1) respectively dividing a long time scale interval and a short time scale interval in the double time scale method:

divide a day into K _l The initial time of each long time interval in the day is tau equal to 0, …, K _l -1, subdividing each long time interval into K _s The initial time of each short time interval in a long time interval is t 0, …, K _s -1；

2) Carrying out long-time scale power grid voltage optimization based on a DQN algorithm, comprising the following steps: establishing a long-time scale power grid voltage optimization model, integrating multiple targets by using a membership function, designing a reward function aiming at the long-time scale power grid voltage optimization model, and solving the long-time scale power grid voltage optimization model by using a DQN algorithm to obtain a long-time scale parallel capacitor bank switching plan; the long-time scale power grid voltage optimization model comprises the following steps:

(1) long-time scale power grid voltage optimization model objective function F _l (T) is:

min F _l (T)＝|f ₁ (T),f ₂ (T)|

wherein T is the switching state vector of all parallel capacitor banks, f ₁ (T) and f ₂ (T) are respectively an objective function F _l (T) a first sub-goal and a second sub-goal; t (tau) represents all parallel capacitor bank switching state vectors at the time of tau, and the switching state of each parallel capacitor bank is represented by a switching gear; n is the number of nodes in the power grid; v. of _p Representing the voltage amplitude corresponding to the pivot node; v. of _ref Corresponding the voltage reference value for the hub node; p is a radical of _ij Representing the active power of the node i flowing to the node j; k is _l Representing the number of long time intervals in a day;

(2) considering the power grid operation flow constraint and the voltage constraint:

wherein p is _i Representing the active power injected into node i; q. q.s _i Is representative of the reactive power injected into node i; v. of _i Represents the voltage amplitude of the node i;

and

respectively representing the upper limit and the lower limit of the voltage amplitude of the node i; g _ij Represents the conductance between node i and node j; b is _ij Representing susceptance between node i and node j; omega _ij Represents the voltage phase angle difference between node i and node j;

(3) switching of the mth parallel capacitor bank is switched by a switching gear T _m Upper and lower limits

And

the limitation of (2):

(4) the upper limit of the switching times of the parallel capacitor bank in one day is set as

Wherein, C _m Representing the switching times of the mth parallel capacitor bank in one day;

3) short-time scale reactive voltage optimization is carried out based on a DDPG algorithm, and the method comprises the following steps: establishing a short-time-scale power grid voltage optimization model, designing a reward function aiming at the short-time-scale power grid voltage optimization model, and solving the short-time-scale power grid voltage optimization model by using a DDPG algorithm to obtain a short-time-scale continuous reactive power compensation device output plan.

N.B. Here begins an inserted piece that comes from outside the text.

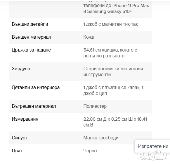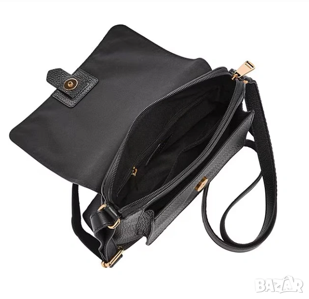 - Дизайн: Чантата е с капак и скрито магнитно закопчаване, както и основно отделение с цип.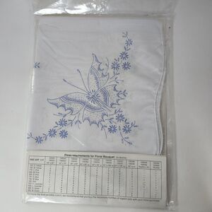 Vtg 1989 Bernat Stamped Table Runner Floral Bouquet Butterfly Stamped Cross Stitch 15x45".

2. The deep reinforcement learning-based double-time-scale new energy grid voltage optimization method according to claim 1, wherein the step 2) of integrating multiple targets by using membership functions adopts the following formula:

Wherein, the first and the second end of the pipe are connected with each other,

representing the possible optimal value on a single dimension corresponding to the beta sub-target, wherein beta is 1, 2; delta. for the preparation of a coating _β As sub-objective f _β Tolerance of value is used to define the boundary that the target function can reach, and for any sub-target, when the corresponding target value is in the tolerance range, the membership function mu (f) _β ) Will then sub-target f _β Mapping of values to [0,1 ]]In sub-goal f _β When the tolerance of the value is out, the value of the membership function is set to 0, and when a new sub-target optimal value is found, the value of the membership function is set to 1;

the new objective function after the membership function mapping is adopted is as follows:

min[-μ(F _l )]＝k ₁ μ(f ₁ )+k ₂ μ(f ₂ )

wherein, mu (F) _l ) Representation and objective function F _l A corresponding membership function; f. of ₁ And f ₂ Respectively representing a first sub-target and a second sub-target of the objective function; k is a radical of ₁ And k ₂ The weight coefficients of the two targets are respectively.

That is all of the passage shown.